### INFORMATION SHOWN
----

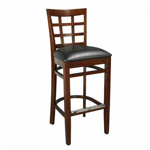 Bar Stool, window back, upholstered 2-1/2" padded seat, German beech wood frame, foot rest, upholstery to be specified
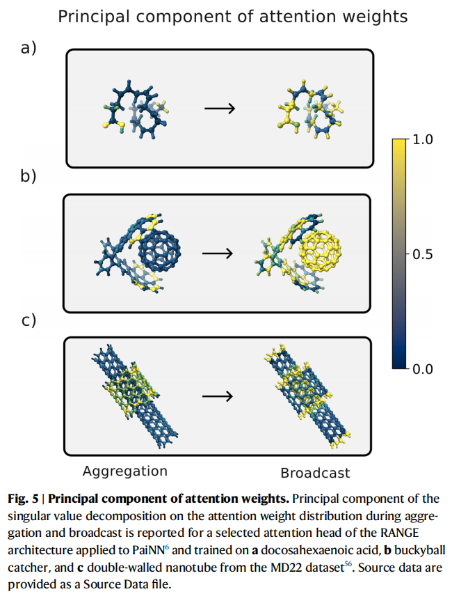 RANGE 使用加性注意力(additive attention,而非点积注意力)机制,理论上具有更强的可解释性。对 DHA、CC、DW 三个体系,对每个注意力头的权重矩阵进行奇异值分解(SVD),取最大奇异值对应的奇异向量映射至图节点。
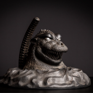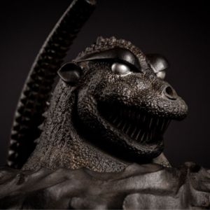 2020年のオリンピックイヤーに向けて、日本の伝統文化である岩手県の南部鉄器の新しいチャレンジとして、宝田明氏によるプロデュースのもと、従来の鉄器鋳造とは違ったロストWAX方式による新技術 駆使し、ロウ型製作、流し込み、仕上げを行い、一貫製作して完成させたのが、この「南部鉄瓶ゴジラ」です。
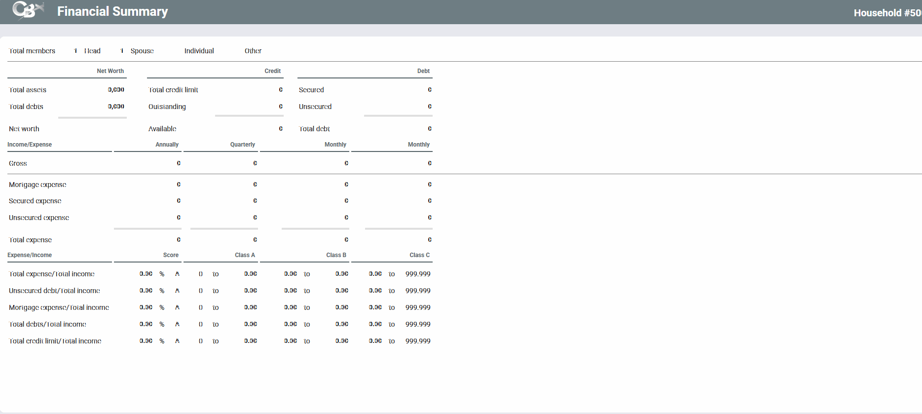 Access this screen by clicking the lookup next to Financial Summary on the Household Analysis screen.
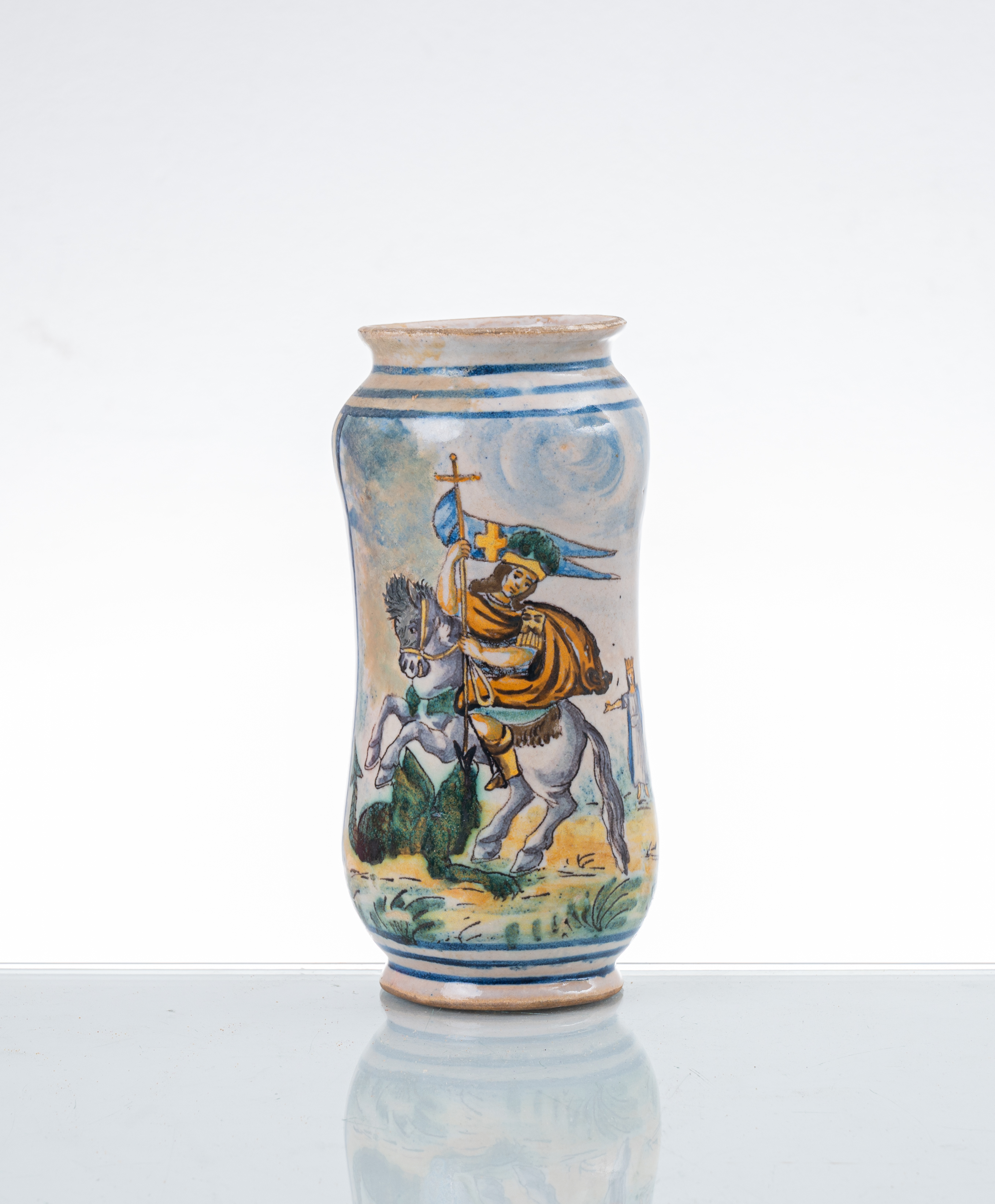Albarello in ceramica decorata e dipinta datata 1756 (restauri).
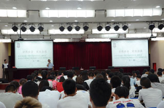 學工處副處長、就業(yè)指導中心主任季秋成主持講座 |
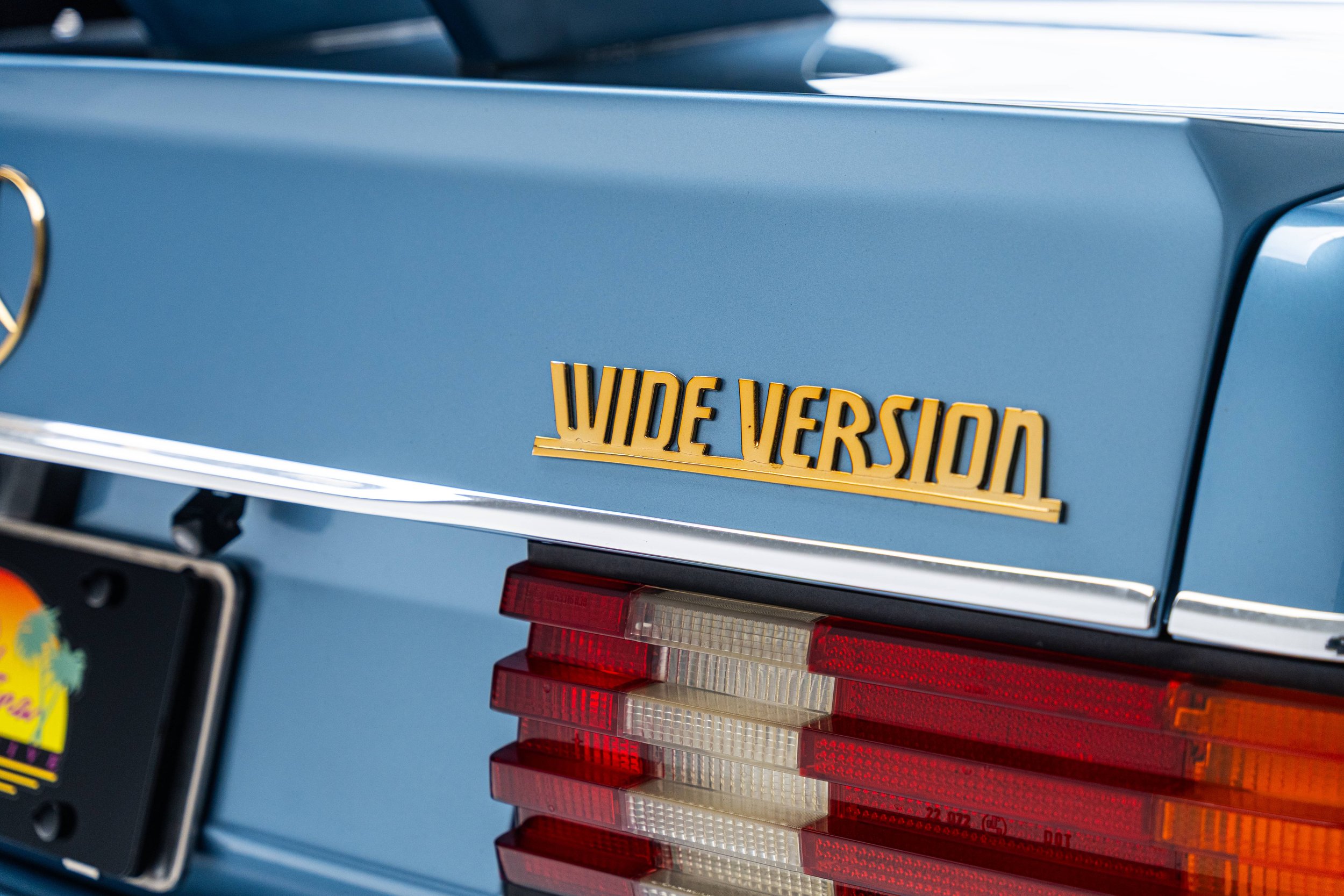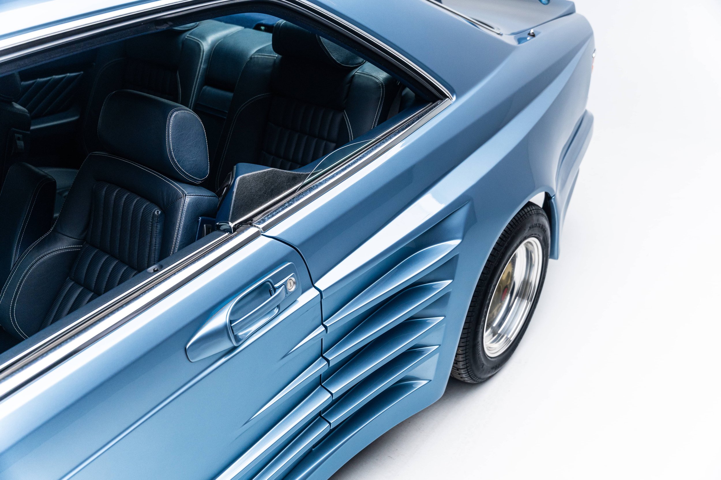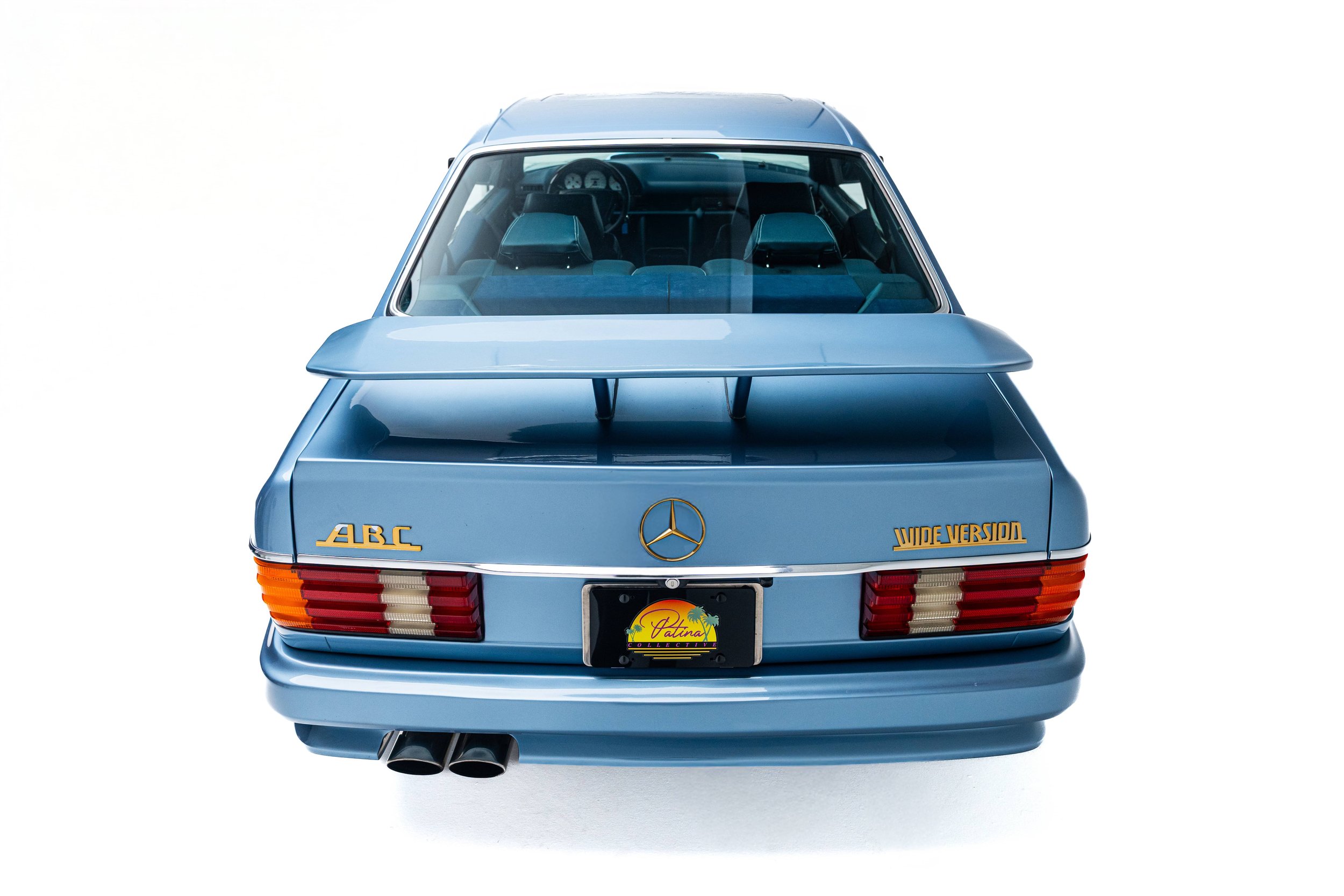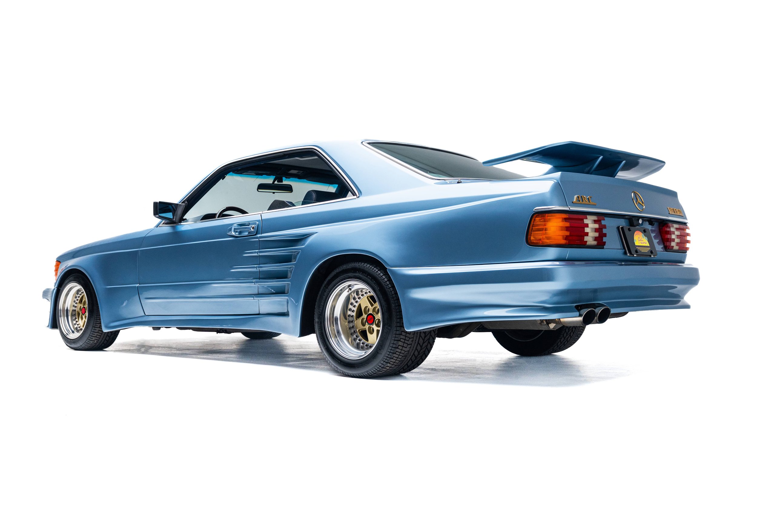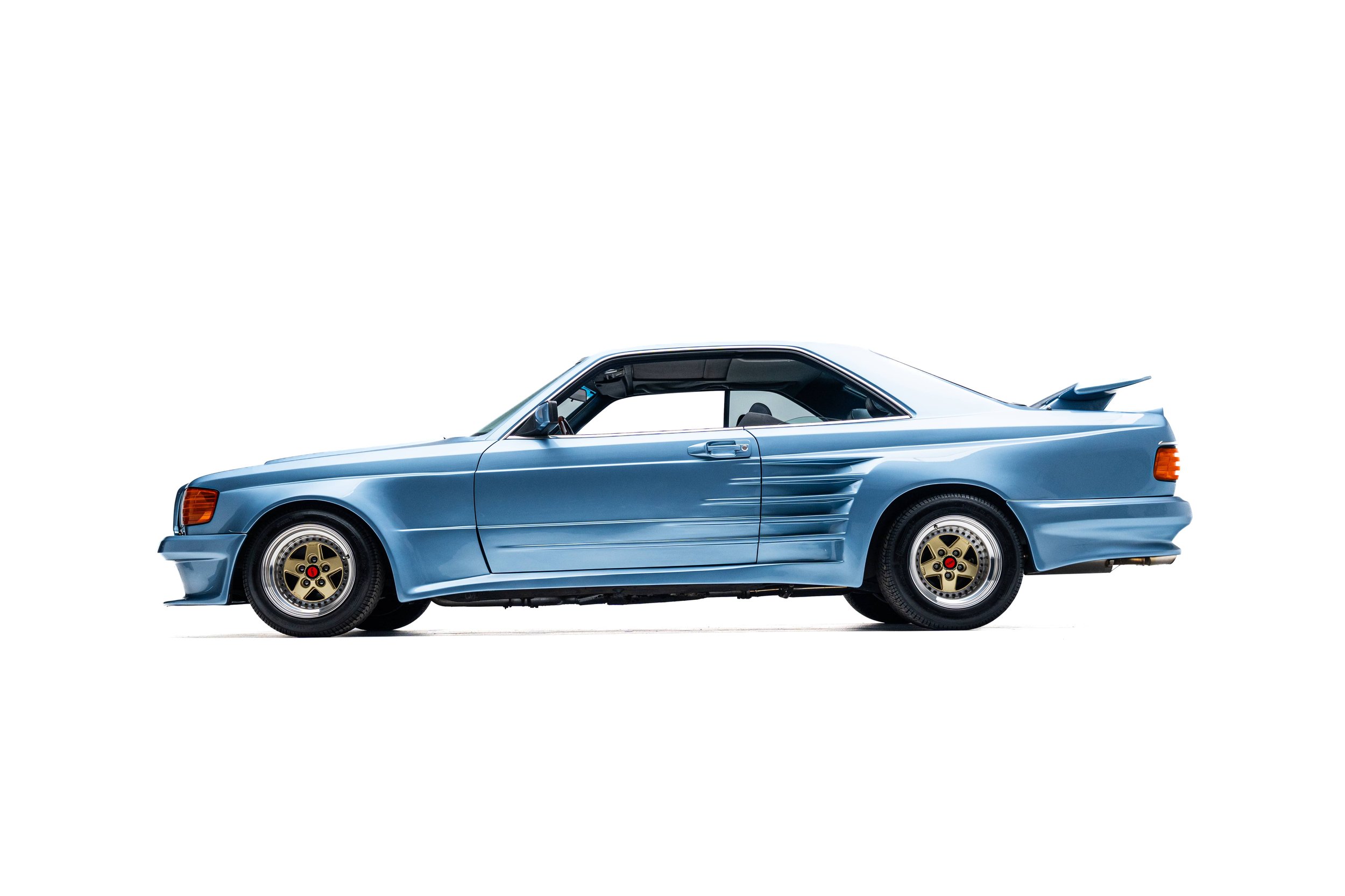 The SEC was the coupe version of the Mercedes-Benz S-class, the company's flagship and most luxurious model. Offered from 1985 to 1991, the 560SEC was the most expensive car in the Mercedes lineup. It featured a unique design with no side pillars, giving it an uninterrupted profile with the windows down and creating an airy-feeling interior. This, combined with a powerful V-8 engine, made for a sporty driving experience in a top-of-the-line luxury car. This blend of looks and performance made S-Class cars, especially the coupes, popular among aftermarket tuning companies such as AMG, Koenig-Specials, and Carat by Duchatelet. Flaunting one's wealth by transforming an understated grand tourer into an outrageous expression of opulence epitomized the 1980s "greed is good" ethos. This 560SEC was modified by German tuning company ABC Exclusive with custom paint, emblems, aftermarket wheels, a hood scoop, rear spoiler, and an exaggerated widebody kit with strakes reminiscent of the Ferrari Testarossa.

----

### HOW TO COMPLETE THIS TASK
The reply should hold an exact repeat of the entries from their opening line through the line with "學工處副處長、就業(yè)指導中心主任季秋成主持講座 |", and no pictures at all.

### TASK SOLUTION
 Bar Stool, window back, upholstered 2-1/2" padded seat, German beech wood frame, foot rest, upholstery to be specified
 RANGE 使用加性注意力(additive attention,而非点积注意力)机制,理论上具有更强的可解释性。对 DHA、CC、DW 三个体系,对每个注意力头的权重矩阵进行奇异值分解(SVD),取最大奇异值对应的奇异向量映射至图节点。
 2020年のオリンピックイヤーに向けて、日本の伝統文化である岩手県の南部鉄器の新しいチャレンジとして、宝田明氏によるプロデュースのもと、従来の鉄器鋳造とは違ったロストWAX方式による新技術 駆使し、ロウ型製作、流し込み、仕上げを行い、一貫製作して完成させたのが、この「南部鉄瓶ゴジラ」です。
 Access this screen by clicking the lookup next to Financial Summary on the Household Analysis screen.
Albarello in ceramica decorata e dipinta datata 1756 (restauri).
 學工處副處長、就業(yè)指導中心主任季秋成主持講座 |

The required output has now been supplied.